**Instructions to follow**
Look in the material below for the line with "A contemporary, modern" and the line with "A lush botanical", then set down exactly those two lines and all lines between, nothing more.

**Input**

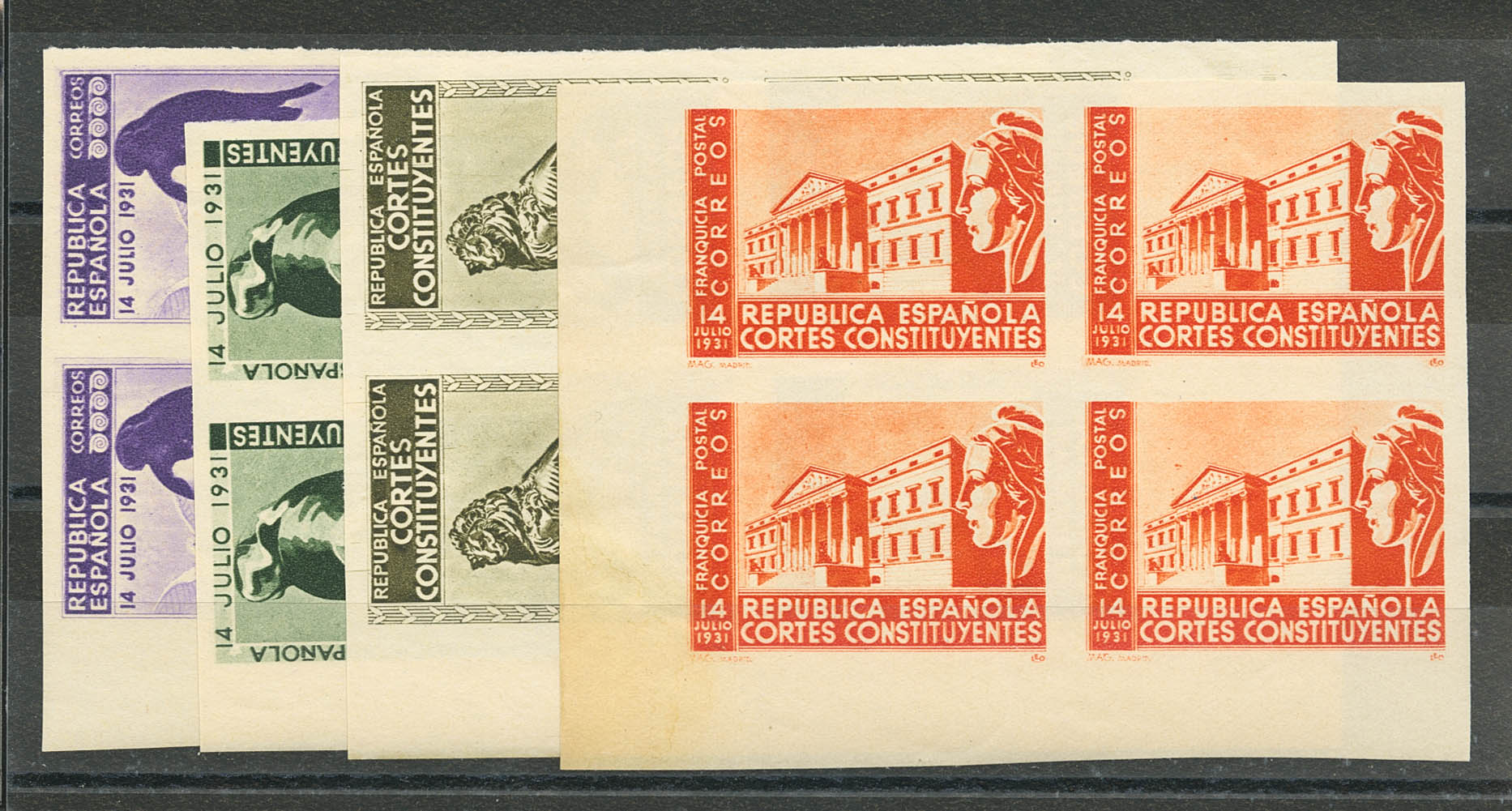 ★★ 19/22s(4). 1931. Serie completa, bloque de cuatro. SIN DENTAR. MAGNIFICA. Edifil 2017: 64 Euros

--

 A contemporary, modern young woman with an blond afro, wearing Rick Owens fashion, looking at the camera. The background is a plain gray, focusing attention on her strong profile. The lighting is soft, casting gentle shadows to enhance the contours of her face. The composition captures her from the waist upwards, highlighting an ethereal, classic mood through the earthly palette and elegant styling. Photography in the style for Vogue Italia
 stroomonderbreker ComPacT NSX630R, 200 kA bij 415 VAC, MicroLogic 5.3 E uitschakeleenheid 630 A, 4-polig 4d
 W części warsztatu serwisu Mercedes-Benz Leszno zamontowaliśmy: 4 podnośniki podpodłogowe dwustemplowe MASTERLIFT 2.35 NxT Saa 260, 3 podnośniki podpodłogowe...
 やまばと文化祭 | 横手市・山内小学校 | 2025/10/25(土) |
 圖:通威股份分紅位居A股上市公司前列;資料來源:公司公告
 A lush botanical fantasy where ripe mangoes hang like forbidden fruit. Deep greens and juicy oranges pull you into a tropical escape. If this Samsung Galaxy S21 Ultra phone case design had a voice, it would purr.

==

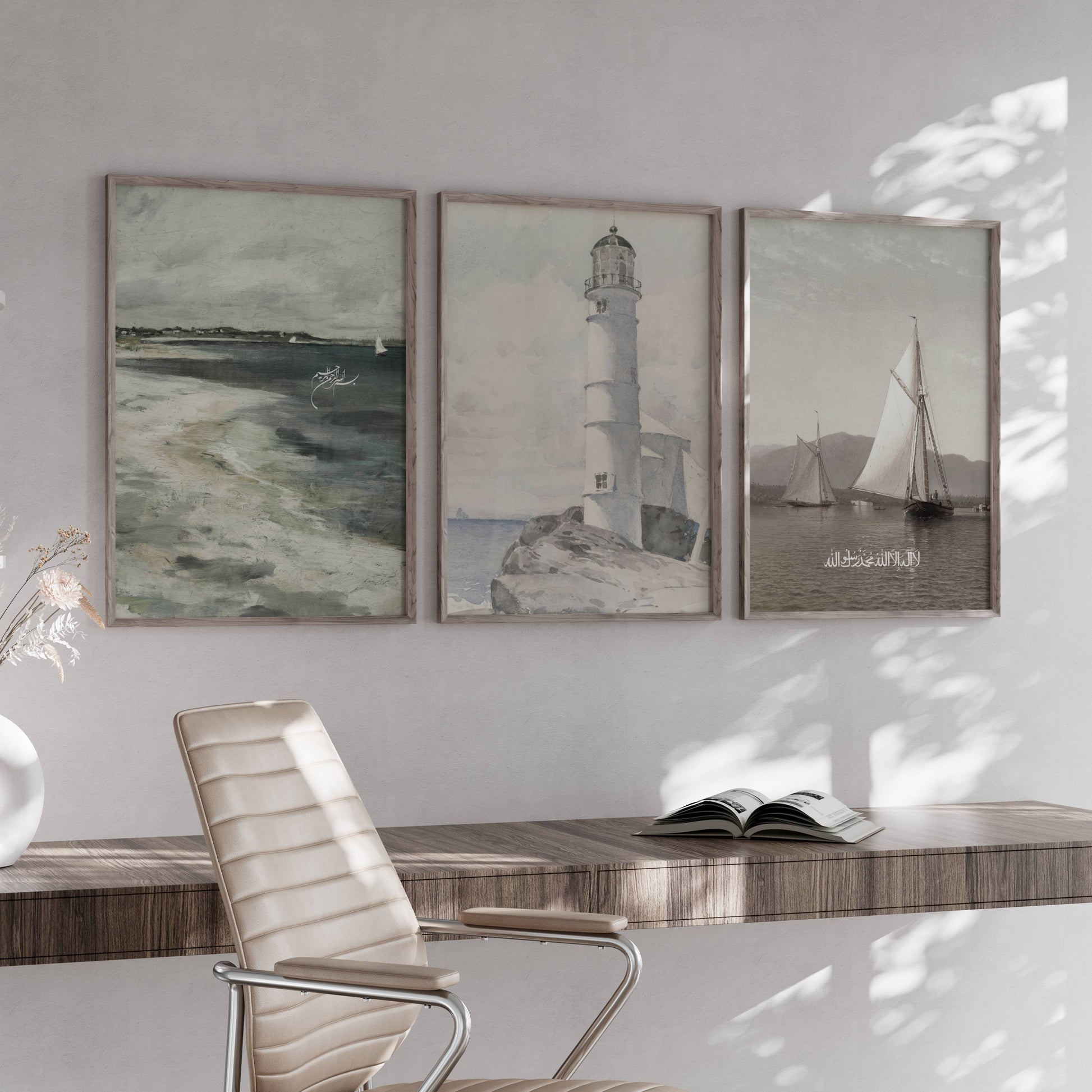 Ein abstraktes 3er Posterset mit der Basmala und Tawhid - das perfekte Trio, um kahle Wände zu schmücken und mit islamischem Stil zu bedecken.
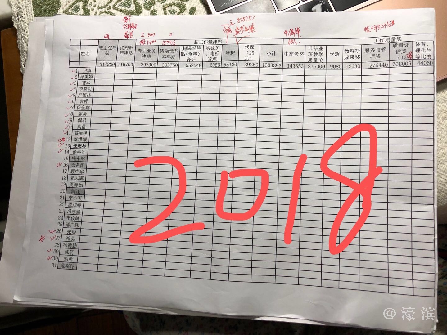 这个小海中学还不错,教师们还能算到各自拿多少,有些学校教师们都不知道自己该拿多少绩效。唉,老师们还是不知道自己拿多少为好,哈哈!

**Exercise solution**
 A contemporary, modern young woman with an blond afro, wearing Rick Owens fashion, looking at the camera. The background is a plain gray, focusing attention on her strong profile. The lighting is soft, casting gentle shadows to enhance the contours of her face. The composition captures her from the waist upwards, highlighting an ethereal, classic mood through the earthly palette and elegant styling. Photography in the style for Vogue Italia
 stroomonderbreker ComPacT NSX630R, 200 kA bij 415 VAC, MicroLogic 5.3 E uitschakeleenheid 630 A, 4-polig 4d
 W części warsztatu serwisu Mercedes-Benz Leszno zamontowaliśmy: 4 podnośniki podpodłogowe dwustemplowe MASTERLIFT 2.35 NxT Saa 260, 3 podnośniki podpodłogowe...
 やまばと文化祭 | 横手市・山内小学校 | 2025/10/25(土) |
 圖:通威股份分紅位居A股上市公司前列;資料來源:公司公告
 A lush botanical fantasy where ripe mangoes hang like forbidden fruit. Deep greens and juicy oranges pull you into a tropical escape. If this Samsung Galaxy S21 Ultra phone case design had a voice, it would purr.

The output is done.